The dollar rose on Wednesday and was trading near a seven-week high against the yen, ahead of a Federal Reserve policy meeting where officials are widely expected to cut interest rates by a quarter of a percentage point. Many investors, however, were pricing in less aggressive action from the Fed going forward as inflationary pressures and wage growth have been steady, even as pockets of the US economy, such as the service sector, have shown steady improvement.
"The Fed is likely to deliver a hawkish cut, reflecting a mix of positioning and expectations," said Mark McCormick, global head of FX strategy, at TD Securities in New York. "The Fed will leave room to do more...and the dots are unlikely to offer a crystal clear path to steeper cuts down the road." Fed officials' median projection on the number of rate moves is commonly referred to as its "dot-plot."

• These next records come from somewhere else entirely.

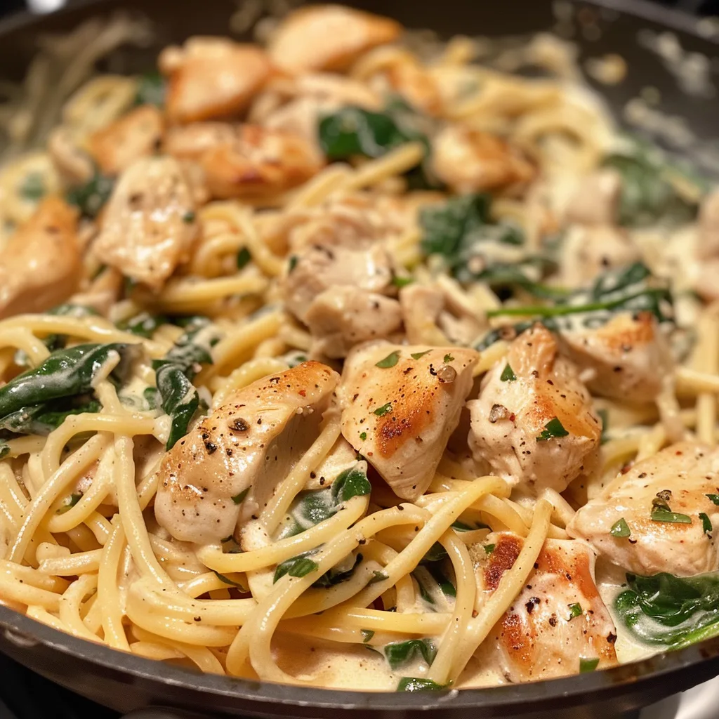 - Combine the cooked spaghetti into the skillet with the creamy chicken sauce, tossing everything together until well coated.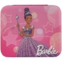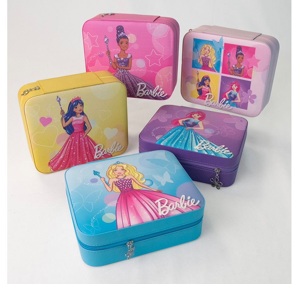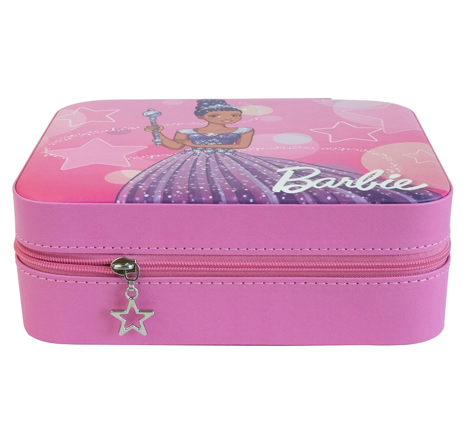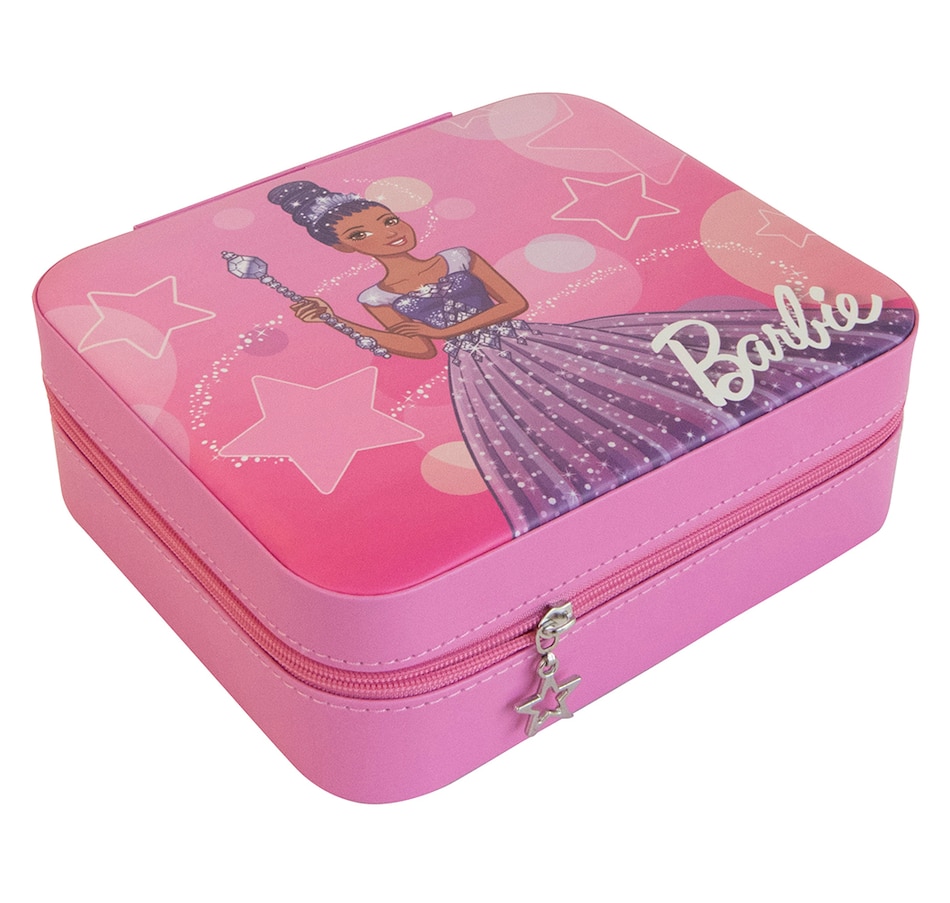 This fun jewellery case features a colourful Barbie star exterior design with a silver charm star pull. It has a fuchsia suede interior, which is perfect for holding all of their first trinkets and treasures. The interior lid features three jewellery straps, and the single compartment offers four open area sections with a central ring roll section.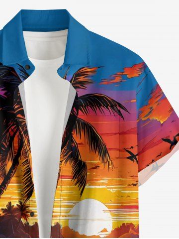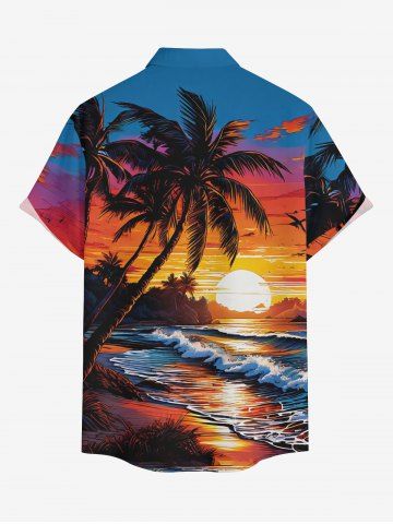 Short Sleeves Shirts > Plus Size Coconut Tree Sea Waves Sun Print Buttons Pocket Hawaii Shirt For Men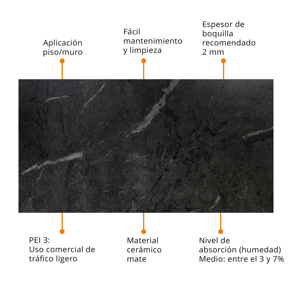 PISO PORCELANATO SERNEN 50 X 100 CM NEGRO TIPO MÁRMOL CAJA CON 1.5 M2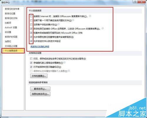 5、在“信任中心”对话框中选择“个人信息选项”,取消所有个人信息选项的对勾,如图: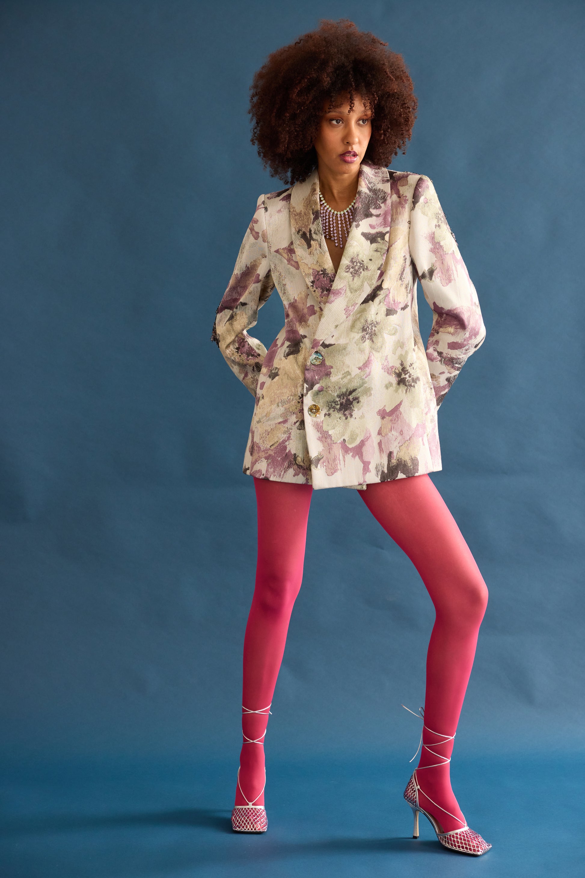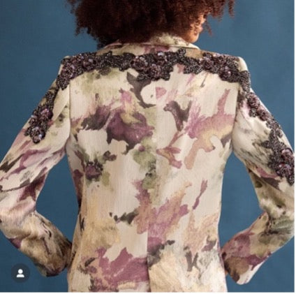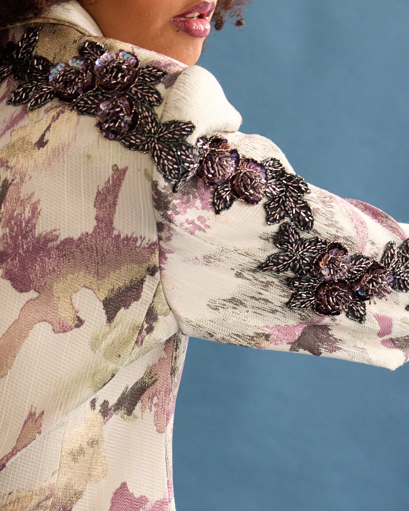 This blazer features strokes of color on a white canvas, creating an organic and sophisticated blend of green and violet shades. Flowing across the back and arms, the design showcases exquisite craftsmanship, evoking a sense of movement, like wild vines reclaiming untouched landscapes.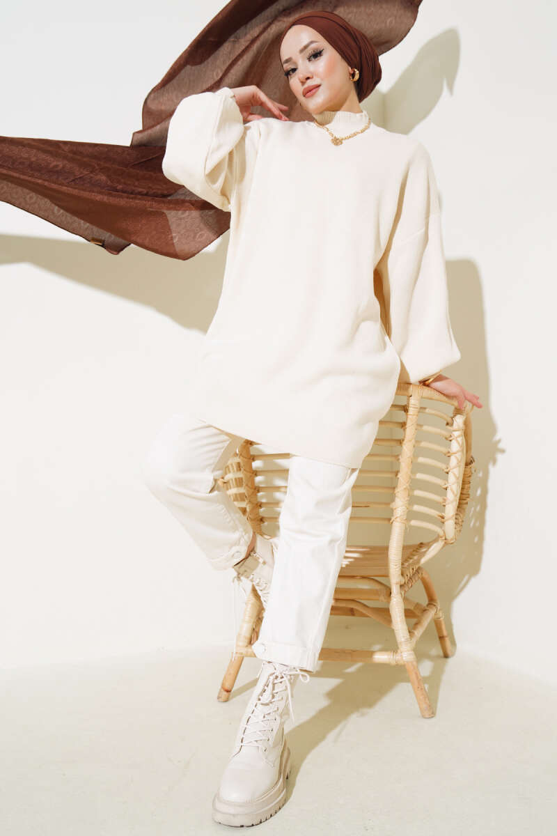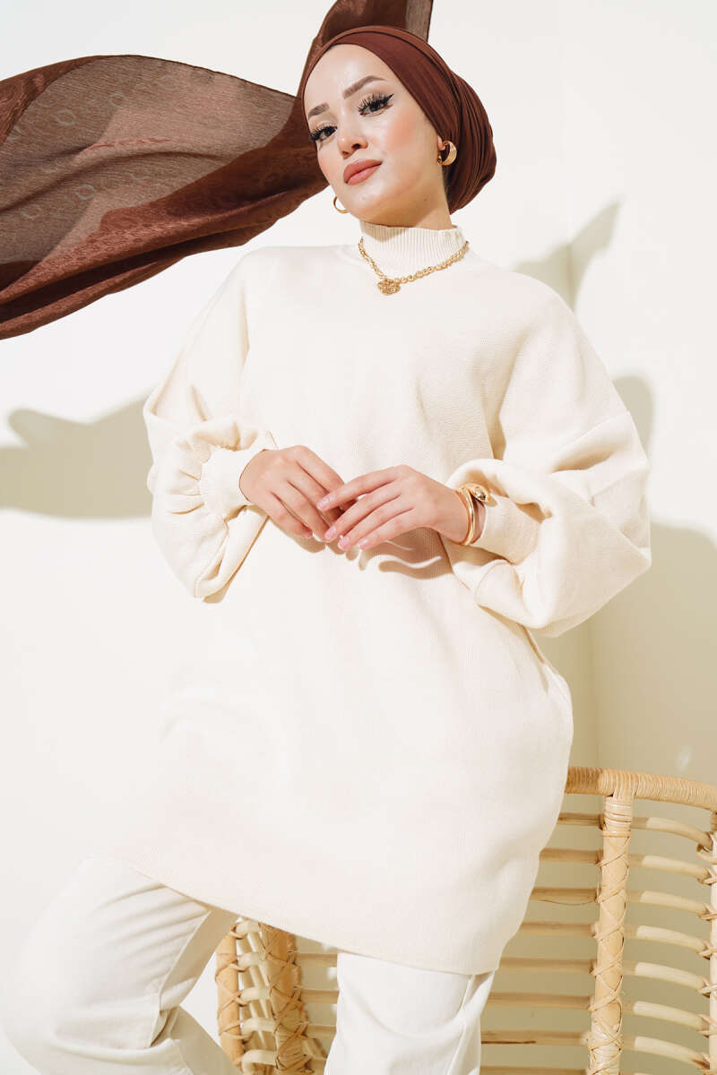 Balon Kol Dik Yaka Triko Tunik Taş

In morning trading, the dollar edged up 0.1% to 108.18 yen, just below a seven-week high of 108.37 yen tested overnight. The dollar index, tracking the unit against a basket of other currencies, rose 0.1% to 98.352. The dollar has been driven more by trade tensions between Washington and Beijing this year than by US monetary policy, analysts said. The dollar has gained nearly 1% against the yen since the last rate cut in July. The euro slipped 0.1% to $1.1056, still higher than the $1.0927 reached last week, the lowest in more than two years.
Comments
Comments are closed.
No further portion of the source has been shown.